上述立法建议于法于理于中国现实都是完全可行的。从新中国立法看,1954年《人民检察院组织法》就曾规定最高人民检察院检察长列席最高人民法院审委会会议,如果对审委会决议不同意,有权提请全国人大常委会审查处理。这一立法规定的权力制约精神今天仍有继承并加以发扬光大之价值。

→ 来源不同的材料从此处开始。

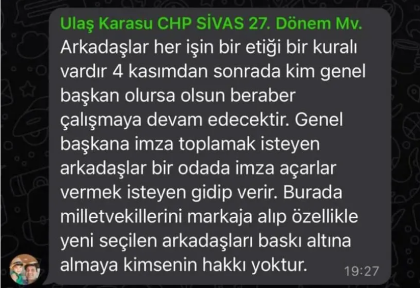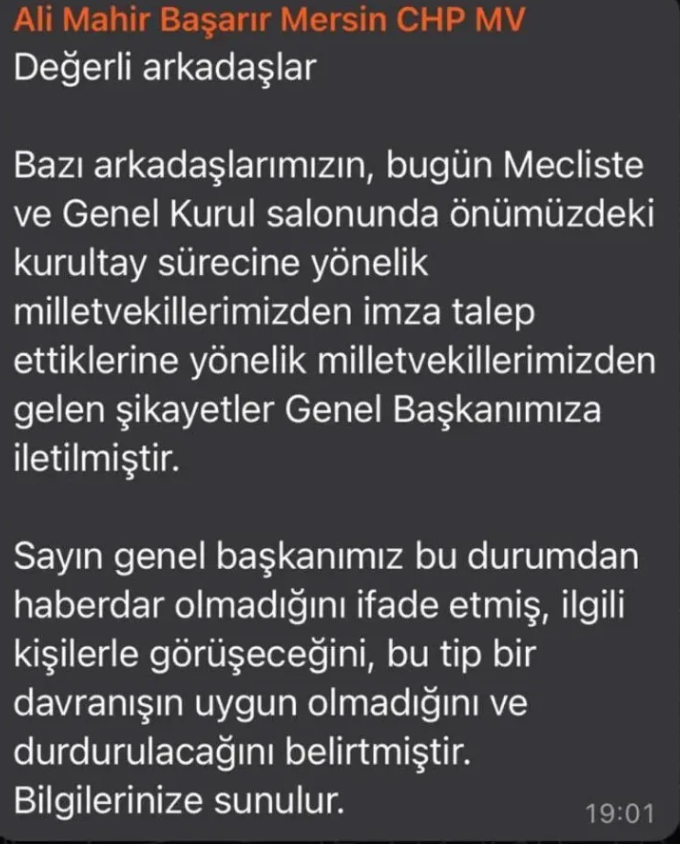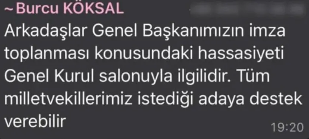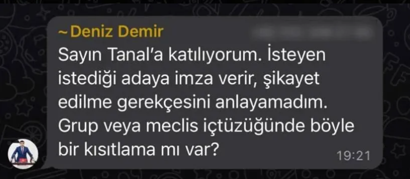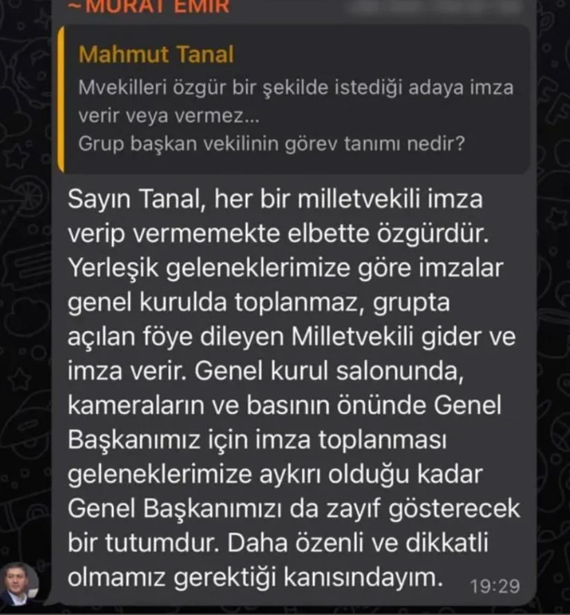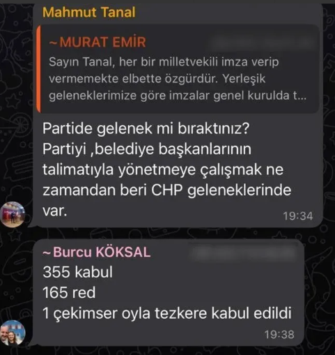 Milletvekili Deniz Demir ve Grup Başkanvekili Burcu Köksal’ın başlattığı imza organizasyonu bazı milletvekilleri tarafından tepki çekti. WhatsApp konuşmaları sırasında CHP Öilletvekili Mahmut Tanal'ın 'CHP'yi belediye başkanlarının talimatıyla yönetmeyi istemek' ifadeleri ise dikkat çekti.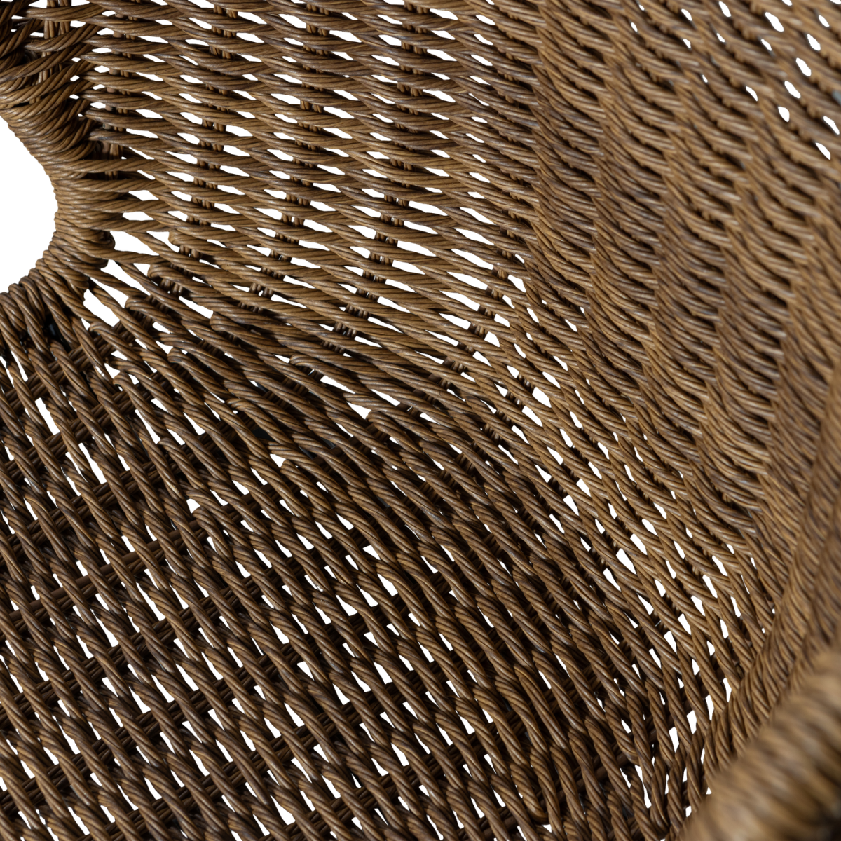 Sædet er lavet af flettet polyesterrattan i en naturlig farve.

再看国外对最高审判机关制约的立法,也颇有值得借鉴之处。从英美法系看,英国上议院不但行使立法权,而且作为刑事和军职诉讼的最高上诉级行使审判权,受理内容涉及有普遍意义的重大法律问题并经上诉法院刑事上诉庭批准上诉的案件。大陆法系之法国,最高法院永远没有权利就案情作出最后判决。它只审查下级法院审判案件是否违反或错误地适用法律。如是,才由最高法院撤销原判,发回与原审法院同级的另一法院由其根据案情重新判决。最高法院对事实审之法官不予任何指示。日本法律规定,总检察长对于确定判决发现违反法令时有权向最高裁判所提出非常上诉;若出现裁判与法律、宪法不符合,要将裁判书正本送交国会。前苏联检察院组织法规定,总检察长有权对最高法院全体会议审判的案件提出抗诉,并有责任呈报苏联最高苏维埃主席团。匈牙利法律规定,如果抗诉是对最高法院的决定提出的,就应由最高法院主席团审理。上述各国立法对最高审判权的制约虽各具特色,但其中共同之处则是都设计了极其严密且形式公正并能平衡的权力制约程序。
(二)加强司法解释,健全监督制约机制
主要通过加强司法解释,加强司法监督,提高检察、审判工作质量。
1.加强有关抗诉运作的司法解释
司法解释是沟通立法和司法的桥梁,它可以使法律规定更为明朗化,而且它与被解释的法律一样具有法律效力,是指导检察官、法官办案的依据。因此,在立法粗疏修改还有一个过程的情况下,加强司法解释对抗诉运作进行调控大有必要。介于抗诉运作涉及检法两家这一特殊性,故对其司法解释应当由最高法院、最高检察院联合进行。这样,更有利于消除不良因素,确保双方执法统一规范。例如,法院审判卷中合议庭评议笔录和审委会议案记录能否让抗诉机关查阅这一分歧问题,最高法院、最高检察院就应当共同充分研究,权衡利弊,依法依理作出司法解释以利抗诉运作和审判工作顺利进行。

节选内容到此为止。